◆ **WHAT TO WORK ON**:
Below are the records; give again exactly the line with "Com a chegada", the line with "300斤胖mm大码女装工装背带牛仔裤女梨型身材宽松阔腿百搭连体裤", and each line that lies between them, and nothing besides.

◆ **RECORDS FOR THIS TASK**:
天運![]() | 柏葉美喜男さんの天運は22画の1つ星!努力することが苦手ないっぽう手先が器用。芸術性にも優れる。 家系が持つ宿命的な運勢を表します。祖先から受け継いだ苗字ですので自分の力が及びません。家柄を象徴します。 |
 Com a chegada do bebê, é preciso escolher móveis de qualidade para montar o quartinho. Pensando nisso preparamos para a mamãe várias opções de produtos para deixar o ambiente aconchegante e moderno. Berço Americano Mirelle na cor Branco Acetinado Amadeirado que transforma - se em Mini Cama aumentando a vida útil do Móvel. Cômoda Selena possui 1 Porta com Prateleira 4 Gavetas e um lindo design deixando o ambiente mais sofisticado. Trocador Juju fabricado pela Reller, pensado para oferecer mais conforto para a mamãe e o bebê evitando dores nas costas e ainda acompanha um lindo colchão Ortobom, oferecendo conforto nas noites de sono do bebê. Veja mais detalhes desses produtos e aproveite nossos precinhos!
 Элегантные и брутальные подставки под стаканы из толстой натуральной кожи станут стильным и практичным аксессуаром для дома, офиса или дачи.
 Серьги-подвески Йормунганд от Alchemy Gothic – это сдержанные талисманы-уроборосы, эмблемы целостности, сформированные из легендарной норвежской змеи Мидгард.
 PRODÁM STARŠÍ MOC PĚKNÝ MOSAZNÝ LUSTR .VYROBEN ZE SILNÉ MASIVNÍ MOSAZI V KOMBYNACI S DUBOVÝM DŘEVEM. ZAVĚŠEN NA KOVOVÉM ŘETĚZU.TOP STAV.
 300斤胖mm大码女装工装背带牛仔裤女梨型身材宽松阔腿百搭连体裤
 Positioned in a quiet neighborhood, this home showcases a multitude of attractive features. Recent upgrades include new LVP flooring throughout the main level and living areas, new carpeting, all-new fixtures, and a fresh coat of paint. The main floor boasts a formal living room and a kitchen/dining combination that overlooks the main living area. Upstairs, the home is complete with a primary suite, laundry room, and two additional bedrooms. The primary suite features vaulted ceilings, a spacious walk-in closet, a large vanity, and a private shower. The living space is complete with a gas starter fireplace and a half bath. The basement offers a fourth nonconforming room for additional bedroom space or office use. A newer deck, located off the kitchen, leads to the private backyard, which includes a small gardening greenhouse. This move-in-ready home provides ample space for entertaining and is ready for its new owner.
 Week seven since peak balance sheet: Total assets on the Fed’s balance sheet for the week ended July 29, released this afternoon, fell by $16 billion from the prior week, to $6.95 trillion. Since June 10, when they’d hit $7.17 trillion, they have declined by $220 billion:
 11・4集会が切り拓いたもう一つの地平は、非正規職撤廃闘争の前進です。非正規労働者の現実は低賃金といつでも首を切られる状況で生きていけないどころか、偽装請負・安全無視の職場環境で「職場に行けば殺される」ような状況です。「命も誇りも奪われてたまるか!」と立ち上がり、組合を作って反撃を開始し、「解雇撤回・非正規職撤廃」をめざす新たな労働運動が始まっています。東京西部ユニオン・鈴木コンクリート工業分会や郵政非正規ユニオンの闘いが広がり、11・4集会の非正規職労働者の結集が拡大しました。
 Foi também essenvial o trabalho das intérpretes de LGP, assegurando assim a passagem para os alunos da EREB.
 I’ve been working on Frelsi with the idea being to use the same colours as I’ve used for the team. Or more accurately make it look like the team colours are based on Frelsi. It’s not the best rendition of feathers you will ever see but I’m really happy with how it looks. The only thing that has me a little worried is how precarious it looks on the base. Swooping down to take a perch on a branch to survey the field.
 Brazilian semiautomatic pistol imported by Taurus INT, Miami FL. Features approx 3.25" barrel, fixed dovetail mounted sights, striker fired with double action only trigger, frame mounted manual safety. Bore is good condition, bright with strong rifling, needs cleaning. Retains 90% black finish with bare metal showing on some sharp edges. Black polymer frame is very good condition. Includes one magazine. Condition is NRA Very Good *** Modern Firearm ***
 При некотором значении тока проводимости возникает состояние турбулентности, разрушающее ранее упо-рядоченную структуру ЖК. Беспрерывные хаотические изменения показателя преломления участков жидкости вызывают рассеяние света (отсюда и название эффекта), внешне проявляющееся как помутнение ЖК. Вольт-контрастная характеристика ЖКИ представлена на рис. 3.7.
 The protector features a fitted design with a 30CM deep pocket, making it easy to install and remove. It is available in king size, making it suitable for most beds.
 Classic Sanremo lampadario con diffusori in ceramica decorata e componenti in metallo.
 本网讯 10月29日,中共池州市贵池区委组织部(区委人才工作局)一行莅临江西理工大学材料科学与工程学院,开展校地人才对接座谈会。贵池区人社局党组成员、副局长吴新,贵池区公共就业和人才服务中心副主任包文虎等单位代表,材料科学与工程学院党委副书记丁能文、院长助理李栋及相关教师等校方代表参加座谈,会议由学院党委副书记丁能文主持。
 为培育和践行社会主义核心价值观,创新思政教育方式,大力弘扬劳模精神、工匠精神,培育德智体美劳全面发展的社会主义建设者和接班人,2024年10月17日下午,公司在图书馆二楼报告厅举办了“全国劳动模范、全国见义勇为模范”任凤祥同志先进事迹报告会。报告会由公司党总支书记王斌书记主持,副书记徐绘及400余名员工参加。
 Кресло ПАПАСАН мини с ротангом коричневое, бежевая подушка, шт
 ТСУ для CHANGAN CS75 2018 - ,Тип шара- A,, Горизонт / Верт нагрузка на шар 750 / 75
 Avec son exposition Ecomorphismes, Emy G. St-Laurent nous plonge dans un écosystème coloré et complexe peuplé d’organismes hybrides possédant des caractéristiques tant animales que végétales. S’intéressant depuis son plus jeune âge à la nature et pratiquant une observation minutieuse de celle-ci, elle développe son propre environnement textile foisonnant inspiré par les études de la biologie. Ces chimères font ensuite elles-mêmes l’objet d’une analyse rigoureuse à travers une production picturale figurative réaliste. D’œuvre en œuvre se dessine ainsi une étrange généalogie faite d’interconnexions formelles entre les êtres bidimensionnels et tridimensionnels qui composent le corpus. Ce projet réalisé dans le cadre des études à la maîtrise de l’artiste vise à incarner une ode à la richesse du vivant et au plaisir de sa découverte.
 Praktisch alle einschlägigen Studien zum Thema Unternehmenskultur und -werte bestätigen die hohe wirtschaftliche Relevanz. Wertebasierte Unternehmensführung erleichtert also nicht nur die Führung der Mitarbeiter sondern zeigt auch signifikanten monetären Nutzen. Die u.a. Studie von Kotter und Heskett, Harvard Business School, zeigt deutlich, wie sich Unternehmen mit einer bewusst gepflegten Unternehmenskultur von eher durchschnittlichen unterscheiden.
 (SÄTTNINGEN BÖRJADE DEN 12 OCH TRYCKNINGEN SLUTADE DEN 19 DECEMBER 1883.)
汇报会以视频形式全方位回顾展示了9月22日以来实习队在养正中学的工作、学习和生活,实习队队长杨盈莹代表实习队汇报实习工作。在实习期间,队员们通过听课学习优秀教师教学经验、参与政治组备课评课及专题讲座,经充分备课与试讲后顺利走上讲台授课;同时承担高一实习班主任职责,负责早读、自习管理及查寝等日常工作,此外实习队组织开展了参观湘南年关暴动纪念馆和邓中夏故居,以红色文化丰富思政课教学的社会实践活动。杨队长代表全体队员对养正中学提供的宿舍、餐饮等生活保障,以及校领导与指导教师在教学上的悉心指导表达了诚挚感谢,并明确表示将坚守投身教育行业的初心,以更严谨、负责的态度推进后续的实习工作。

◆ **ANSWER FOR THE TASK**:
 Com a chegada do bebê, é preciso escolher móveis de qualidade para montar o quartinho. Pensando nisso preparamos para a mamãe várias opções de produtos para deixar o ambiente aconchegante e moderno. Berço Americano Mirelle na cor Branco Acetinado Amadeirado que transforma - se em Mini Cama aumentando a vida útil do Móvel. Cômoda Selena possui 1 Porta com Prateleira 4 Gavetas e um lindo design deixando o ambiente mais sofisticado. Trocador Juju fabricado pela Reller, pensado para oferecer mais conforto para a mamãe e o bebê evitando dores nas costas e ainda acompanha um lindo colchão Ortobom, oferecendo conforto nas noites de sono do bebê. Veja mais detalhes desses produtos e aproveite nossos precinhos!
 Элегантные и брутальные подставки под стаканы из толстой натуральной кожи станут стильным и практичным аксессуаром для дома, офиса или дачи.
 Серьги-подвески Йормунганд от Alchemy Gothic – это сдержанные талисманы-уроборосы, эмблемы целостности, сформированные из легендарной норвежской змеи Мидгард.
 PRODÁM STARŠÍ MOC PĚKNÝ MOSAZNÝ LUSTR .VYROBEN ZE SILNÉ MASIVNÍ MOSAZI V KOMBYNACI S DUBOVÝM DŘEVEM. ZAVĚŠEN NA KOVOVÉM ŘETĚZU.TOP STAV.
 300斤胖mm大码女装工装背带牛仔裤女梨型身材宽松阔腿百搭连体裤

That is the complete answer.